В саду на задах, по ту сторону забора, растет дикая слива. Старая, кривая, ветви с черными узлами. Уолтер говорит, надо её срубить, но я возражаю: она, по сути, не моя. К тому же я её люблю. Каждую весну она цветет — непрошеная, неухоженная; а в конце лета роняет сливы ко мне в сад — синие, овальные, с налетом, будто пыль. Такая вот щедрость. Сегодня утром я собрала падалицу — то немногое, что оставили мне белки, еноты и опьяневшие осы. Я жадно съела сливы, и сок от синюшной мякоти тек по подбородку Я не заметила, пока не появилась Майра с очередной кастрюлькой: тунца. Боже мой, сказала она, задыхаясь от своего птичьего смеха. С кем это ты воевала?
День труда я помню до мельчайших подробностей: то был единственный раз, когда все мы собрались вместе.
Веселье в Палаточном лагере продолжалось, но уже такое, за которым вблизи лучше не наблюдать: тайное потребление дешевого спиртного в разгаре. Мы с Лорой удалились рано, чтобы помочь Рини с ужином.
Приготовления шли несколько дней. Узнав про ужин, Рини извлекла откуда-то свою единственную поваренную книгу «Кулинария по-бостонски» Фэнни Меррит Фармер. Вообще-то книга принадлежала бабушке Аделии, та обращалась к ней — и к многочисленным кухаркам, естественно, — составляя свои обеды из двенадцати блюд. Потом книгу унаследовала Рини — правда, обычно ею не пользовалась, говорила, что и так все помнит. Но сейчас, требовалось показать класс.

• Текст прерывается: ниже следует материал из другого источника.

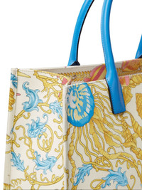 Underwater Barocco-pattern tote bag Highlights - White - Underwater barocco design - Concealed press-stud fastening - Logo lettering - Top handles - Signature embellishment Made in Italy Composition Outer: Cotton 100%, Calf Leather 100% Lining: Cotton 100% SIZE & FIT Measurement DEPTH 6.29 in(16 cm) HANDLE 6.29 in(16 cm) HEIGHT 11.81 in(30 cm) WIDTH 15.74 in(40 cm)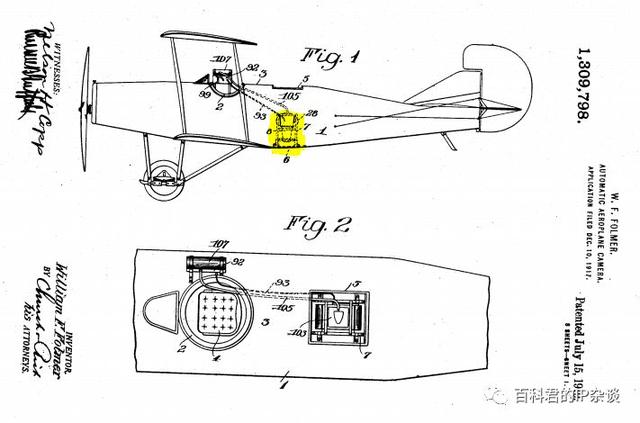 这篇1917年申请的美国专利,名曰“AUTOMATIC AEROPLANE-CAMERA”,你可以翻译为自动式的飞机照相机,那可不就是会飞的照相机么(标黄部分)?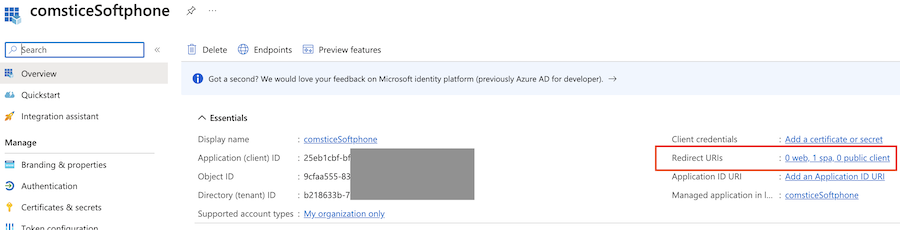 - Create a new "App Registration" as an SPA (Single Page Application). On the main view, copy clientID and tenantID.

Я эту книгу читала — по крайней мере, просматривала во времена идеализации бабушки. (Это прошло. Будь она жива, она бы меня переделывала, как Рини и отец; будь жива мать, она занималась бы тем же. Цель всей жизни взрослых — меня переделать. Больше им заняться нечем.)
Поваренная книга в простой обложке, деловой, горчичного цвета, и внутри все тоже просто. Фэнни Меррит Фармер отличалась непробиваемым прагматизмом, нудная и немногословная, как все в Новой Англии. Она исходила из того, что вы решительно ничего не знаете, и начинала так: «Напиток — это любое питье. Вода — это напиток, дарованный человеку Природой. Все напитки содержат большое количество жидкости и потому предназначены для: 1. Утоления жажды. 2. Обеспечения водой системы кровообращения. 3. Поддержания температуры тела. 4. Выведения жидкости из организма. 5. Питания. 6. Стимулирования работы нервной системы и различных органов. 7. Лечебных целей» — и так далее.

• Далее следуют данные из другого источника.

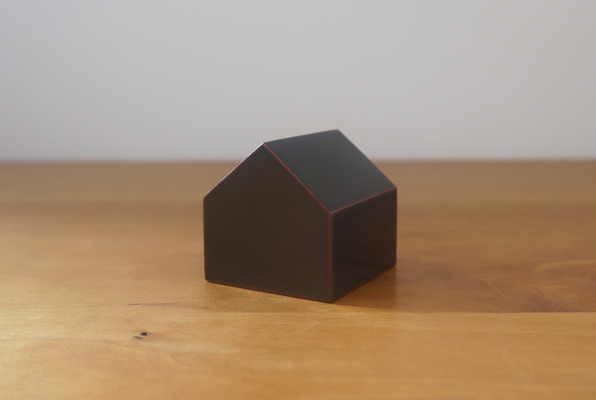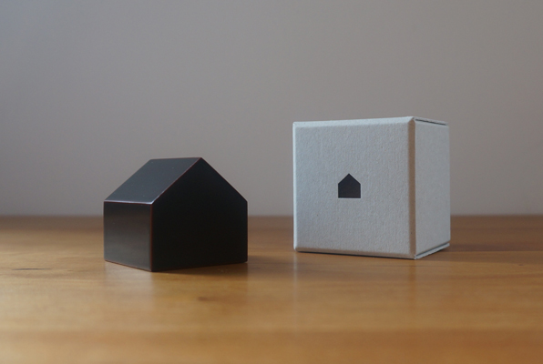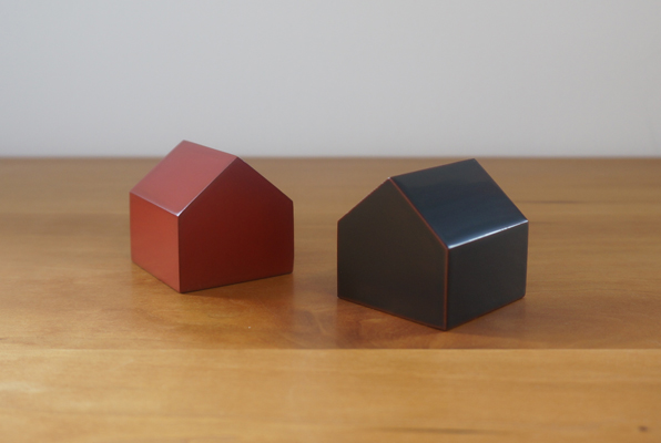 岩手の伝統工芸の一つである漆塗りの技術を用いて制作した家型のペーパーウェイトです。

Вкус и удовольствие в списках не значились, но вначале помещался любопытный эпиграф из Джона Раскина:
Кулинарное искусство есть знания Медеи и Цирцеи, Елены Прекрасной и Царицы Савской. Оно есть знание всех трав и плодов, бальзамов и специй, всей целебности и аромата полей и рощ, всей пикантности мяса. Кулинарное искусство — это осторожность, изобретательность, желание действовать и готовность приборов. Это экономность бабушек и достижения химиков, это дегустация и учет, это английская дотошность, французское и арабское радушие. Иными словами, вы всегда остаетесь настоящей дамой — дарительницей хлебов[73]

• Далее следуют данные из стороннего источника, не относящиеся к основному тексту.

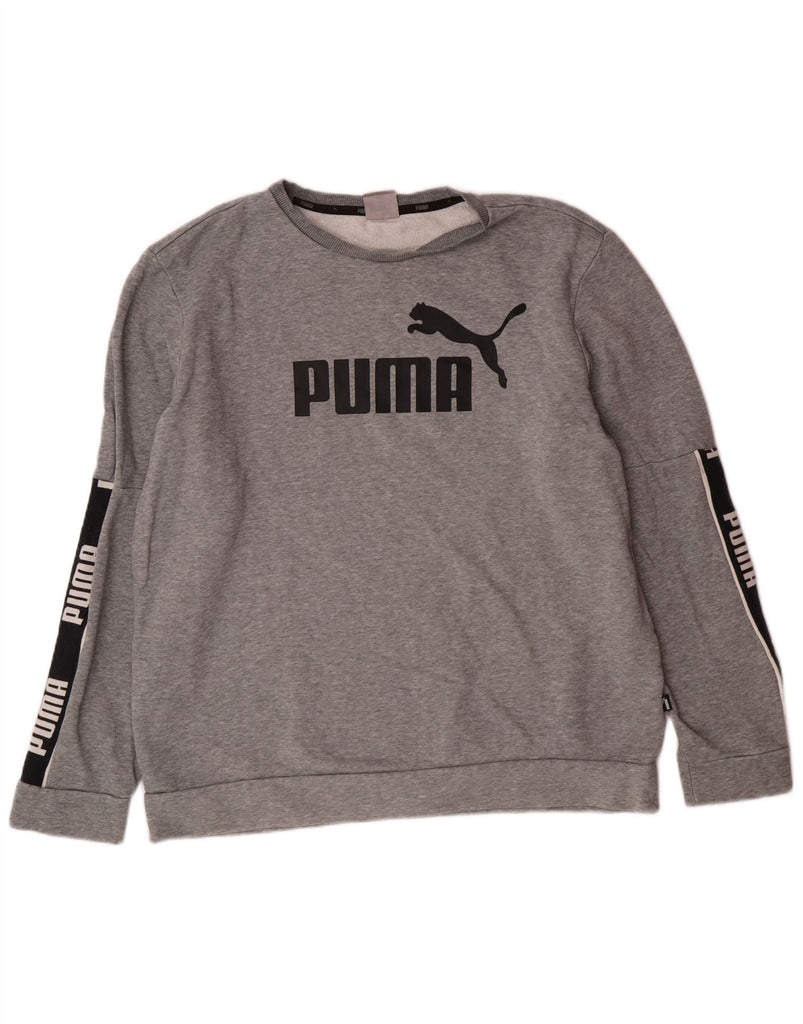 Мужской свитшот с рисунком PUMA, большой серый хлопковый джемпер с цветными блоками

Мне трудно представить Елену Прекрасную в фартуке, с закатанными по локоть рукавами и лицом в муке; Цирцея и Медея, насколько я знаю, готовили исключительно волшебные зелья, травившие наследников, а мужчин превращавшие в свиней. Что до Царицы Савской, сомневаюсь, чтобы она за всю жизнь хотя бы тост поджарила. Интересно, откуда мистер Раскин почерпнул столь удивительные представления о дамах и стряпне. Впрочем, во времена моей бабушки его слова, наверное, трогали множество женщин среднего класса. Им следовало быть степенными — терпеливыми, неприступными, даже величественными, но при этом обладать тайными рецептами, способными убить или разжечь в мужчинах неодолимые страсти. И в довершении ко всему — настояшие дамы, дарительницы хлебов. Что разносят щедрые дары.
И все это всерьёз? Для бабушки — да. Достаточно взглянуть на её портреты: сытая кошачья улыбка, тяжелые веки. Кем она себя считала, Царицей Савской? Несомненно.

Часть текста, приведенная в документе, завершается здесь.